Two of his most valued employees are body-shop alumni who have worked on hot-rod cars, and he depends on their skill at applying the several signature coatings of iridescent automobile-grade urethane paint. Castle appreciates the musculature of classic cars and is doubtlessly the only academic in the region streaking past the sagging barns and solos in his slant-nosed Porsche 911 Turbo or his 1970 Jaguar E-type convertible, parked in the garage next to his wife’s John Deere Gator. A rare Nash-Healey, the first American sports car made after the Great Depression, is somewhere in the throes of restoration.

‘I like oddball,’ Castle admits. ‘I really haven’t had the money to buy million-dollar cars. I mean, Marc Newson can buy a million-dollar car – which he’s done.’ One senses Newson’s headlights glowing challengingly in Castle’s rear-view mirror. Castle’s daughter, an editor for Taschen who lives in Paris, is doing a book on Newson. There is some fascination with the Newson studio’s versatility, its ability to rethink restaurants, watches or a line of hoodies for G-Star Raw.

On the landing, the aluminium ‘Zombie Too’ light, designed by Castle in 1996

Castle admits he still spends most of his time thinking about chairs, and though he’d love to try newly voguish rapid prototyping – feed a photograph into a machine that then promises to laser out something cool – he doesn’t buy into the hysteria surrounding such NASA-novelty materials as titanium or carbon fibre. A torchère can look fabulous in simple poplar. ‘It really doesn’t seem to make so much difference what it’s made out of,’ he says. ‘A fibreglass chair used to be a cheap chair. Well, it really isn’t any more. If you made a chair out of concrete, which I am working on now, does that make a cheap chair? Not necessarily.’ As for the ‘Black Widow’ chairs, ‘they’re not the most comfortable,’ Castle freely allows. But they won’t hurt you, either.

Would he have liked to live in a modern house, all high cheekbones and minimal make-up?

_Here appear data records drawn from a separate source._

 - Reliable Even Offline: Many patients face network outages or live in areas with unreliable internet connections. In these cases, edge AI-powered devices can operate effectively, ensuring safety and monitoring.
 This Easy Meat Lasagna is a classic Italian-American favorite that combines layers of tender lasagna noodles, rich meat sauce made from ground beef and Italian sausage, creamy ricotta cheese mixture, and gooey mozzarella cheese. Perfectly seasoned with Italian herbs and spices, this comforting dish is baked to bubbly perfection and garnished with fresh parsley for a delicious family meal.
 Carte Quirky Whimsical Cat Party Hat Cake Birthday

Well: Sure. But original mantels and mouldings painted in an automotive silvery grey go surprisingly well with his life’s work. Castle grabs a ukulele off an ash chest, the ‘Samba’ cabinet, part of the Wendell Castle Collection manufactured by Icon Design, ‘Ain’t she sweet?’ he strums, bursting into song with considerable brio.

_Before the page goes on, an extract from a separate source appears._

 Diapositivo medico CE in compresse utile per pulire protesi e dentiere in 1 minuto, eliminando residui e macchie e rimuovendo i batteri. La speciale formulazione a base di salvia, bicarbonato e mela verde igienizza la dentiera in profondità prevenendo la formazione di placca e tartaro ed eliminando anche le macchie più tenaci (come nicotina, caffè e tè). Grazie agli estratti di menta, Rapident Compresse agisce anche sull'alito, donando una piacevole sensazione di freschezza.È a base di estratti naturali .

Castle’s most recognisable piece is perhaps the rosewood-and-oak music stand in the corner. He has also designed five Steinway pianos and would love to do a sixth, encased in fibreglass, material he has only recently come back to after a 40-year hiatus. And he would probably want to do it in a vivid automotive colour. Maybe some rock star would buy it.

Asked, ‘What’s ugly?’ Castle thinks for a few seconds. ‘Well, ugly to me isn’t necessarily a bad word. I kind of like ugly. Beautiful might be the least interesting.’ He knows he doesn’t want to be designing can-openers any time soon. Or hoodies, for that matter. That kind of immortality doesn’t interest him. Suddenly, he’s feeling a chill. He reaches past the duck-headed fireplace tools and shuts the window as the rain beats on.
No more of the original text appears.